Available data →
· · ·
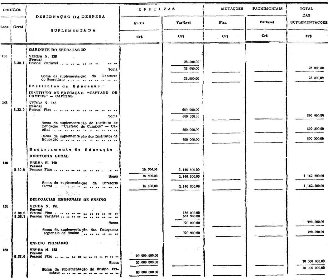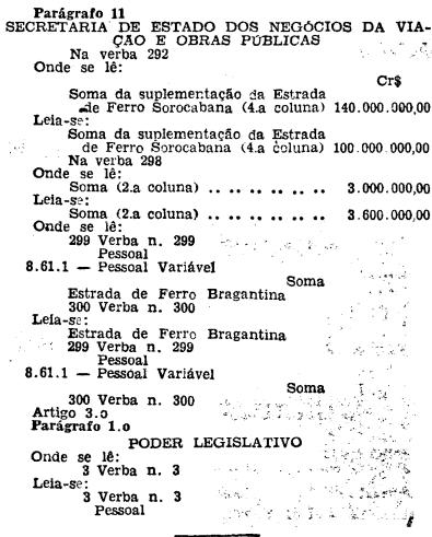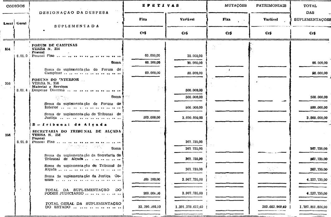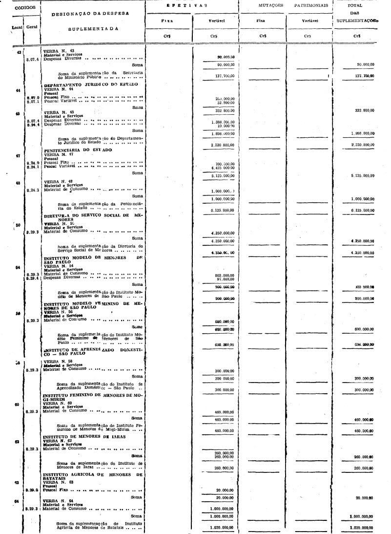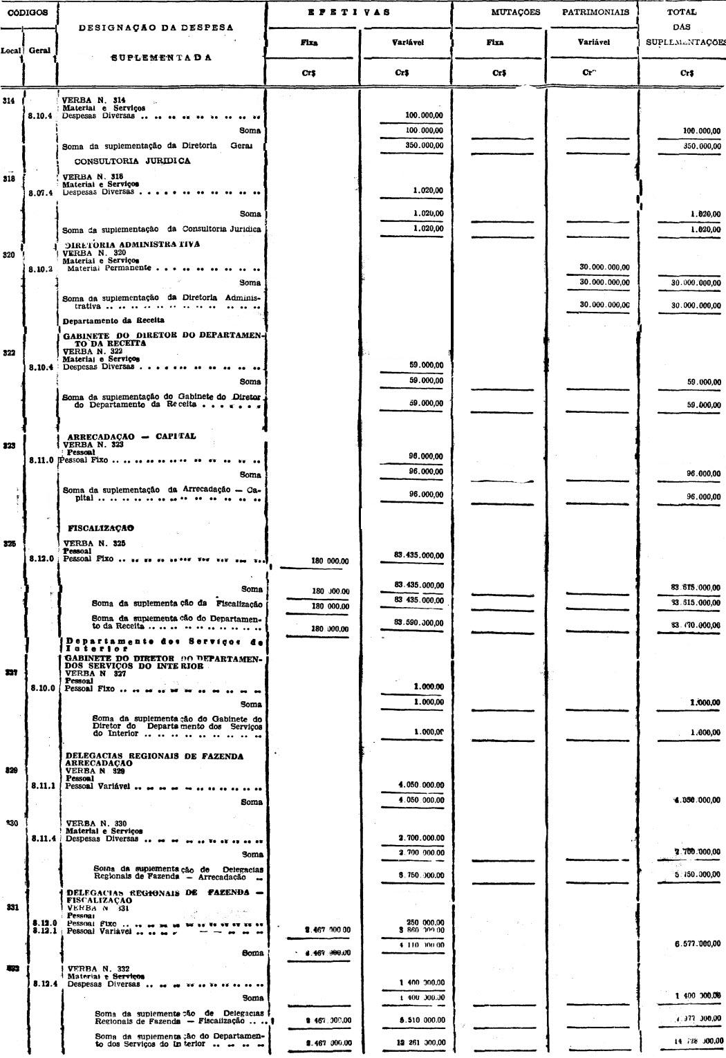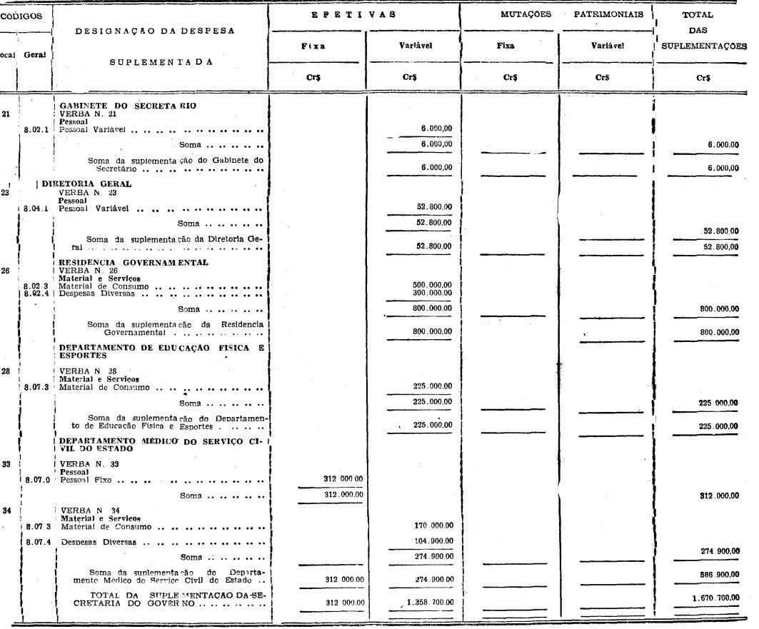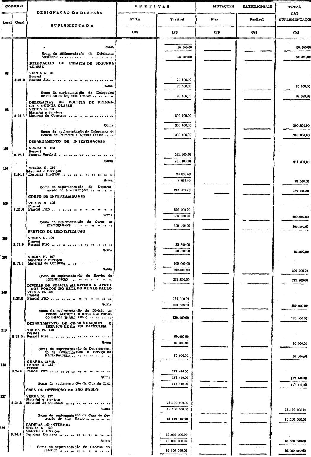 Artigo 2º - Ficam suplementadas, na importância de Cr$ 1.707.851.806,90 (UM BILHÃO, SETECENTOS E SETE MILHÕES, OITOCENTOS E CINQUENTA E UM MIL, OITOCENTOS E SEIS CRUZEIROS E NOVENTA CENTAVOS), as verbas do orçamento vigente abaixo discriminadas:
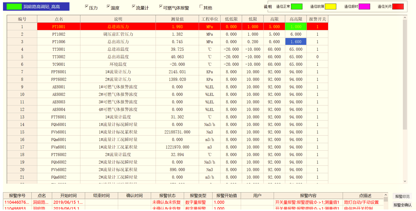 系統可實時顯示并記錄就地流量測量系統的各種報警信息,如流量/壓力的超限、儀表工作電源不正常、閥門工作異常、通訊故障等報警信息。此外燃氣調度中心系統具備嚴格的權限管理功能及操作跟蹤功能,記錄所有用戶操作過程,對出現的系統安全問題提供調查的依據和手段。
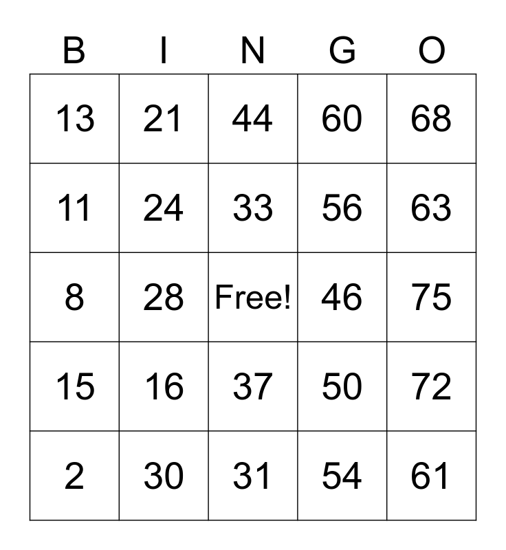 This bingo card has a free space and 24 words: 2, 16, 33, 54, 68, 13, 21, 44, 46, 75, 8, 24, 50, 72, 11, 30, 31, 60, 63, 15, 28, 37, 56 and 61.
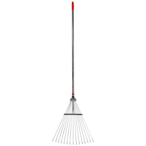 Грабли веерные изготовлены из холоднокатаной стали с последующей закалкой. Металлический черенок с пластиковой ручкой. Имеют 15 зубцов, механизм регулирования рабочей поверхности от 180 до 600 мм. Зубцы изготовлены из качественной упругой проволоки, что позволяет им достаточно плотно прилегать даже к неровным поверхностям, чем обеспечивается качественный результат работы. Применяются для уборки газонов. Данная модель с легкостью соберет опавшие листья с деревьев, скошенную траву. Грабли имеют малый вес, благодаря чему их могут использовать длительное время без усталости. Очень легкие и удобные в работе, грабли веерные это незаменимый помощник в частном секторе и на даче.
· · ·
What you need to do →
Reproduce the lines above beginning at the line that contains "系統可實時顯示并記錄就地流量" and ending at the line that contains "This bingo card". No pictures.

Answer section →
 系統可實時顯示并記錄就地流量測量系統的各種報警信息,如流量/壓力的超限、儀表工作電源不正常、閥門工作異常、通訊故障等報警信息。此外燃氣調度中心系統具備嚴格的權限管理功能及操作跟蹤功能,記錄所有用戶操作過程,對出現的系統安全問題提供調查的依據和手段。
 This bingo card has a free space and 24 words: 2, 16, 33, 54, 68, 13, 21, 44, 46, 75, 8, 24, 50, 72, 11, 30, 31, 60, 63, 15, 28, 37, 56 and 61.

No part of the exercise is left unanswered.